Languages with macro systems of varying degrees of expressiveness not based on S-expressions include Fortress [4], Dylan [5], Nemerle [48], and C++ templates [3]. Template Haskell [47] makes a tradeoff by forcing the macro call sites to always be demarcated. The means that macros are always a second class citizen; macros in Haskell cannot seamlessly build a language on top of Haskell in the same way that Scheme and Racket can.
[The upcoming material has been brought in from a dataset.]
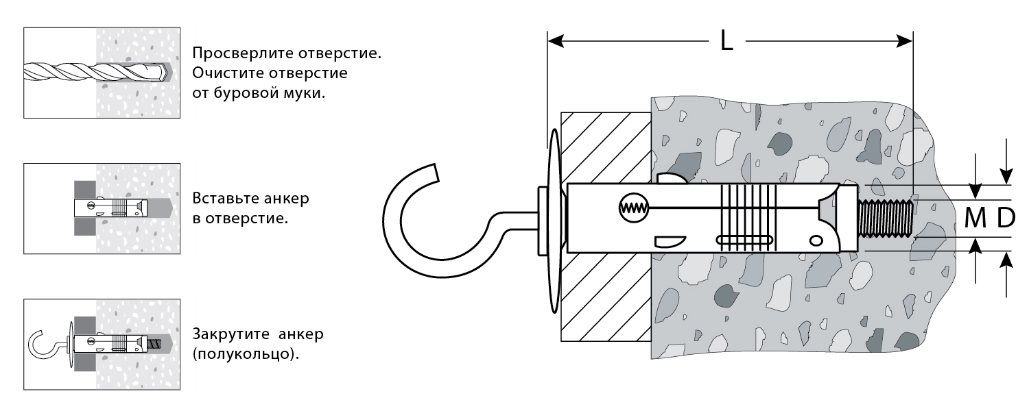 Для крепления проушин, тросов, цепей, подвесных конструкций к полнотелым основаниям: поверхностям из бетона, полнотелого кирпича или природного камня. Анкер устанавливается в предварительно просверленное и очищенное от буровой муки отверстие диаметром 8мм и глубиной не менее 55мм, расклинивание происходит при закручивании полукольца с резьбовым стержнем

Some systems such as SugarJ [11], and OMeta [56] provide extensible grammars but require the programmer to reason about parser details. Multi stage systems such as mython [42] and MetaML [52] can also be used to create macros systems like MacroML [16]. Some systems like Stratego [54] and Marco [28] transform syntax using their own language, separate from the host language.

As mentioned before, our tool is built on top of sweet.js [10] which enables greater levels of macro expressiveness without s-expressions as pioneered by Honu [40, 41], a JavaScript-like language. ExJS [55] is another macro system for JavaScript however their approach is based on a staged parsing architecture (rather than a more direct manipulation of syntax as in Lisp/Scheme and sweet.js) and thus they only support pattern macros.

While the goal of macrofication is to introduce new syntactic sugar, recent work on Resugaring aims to preserve or recover syntactic sugar during the execution to improve debugging [38, 39]. In contrast to macrofication, resugaring at runtime operates on ASTs of a concrete language rather than syntax trees.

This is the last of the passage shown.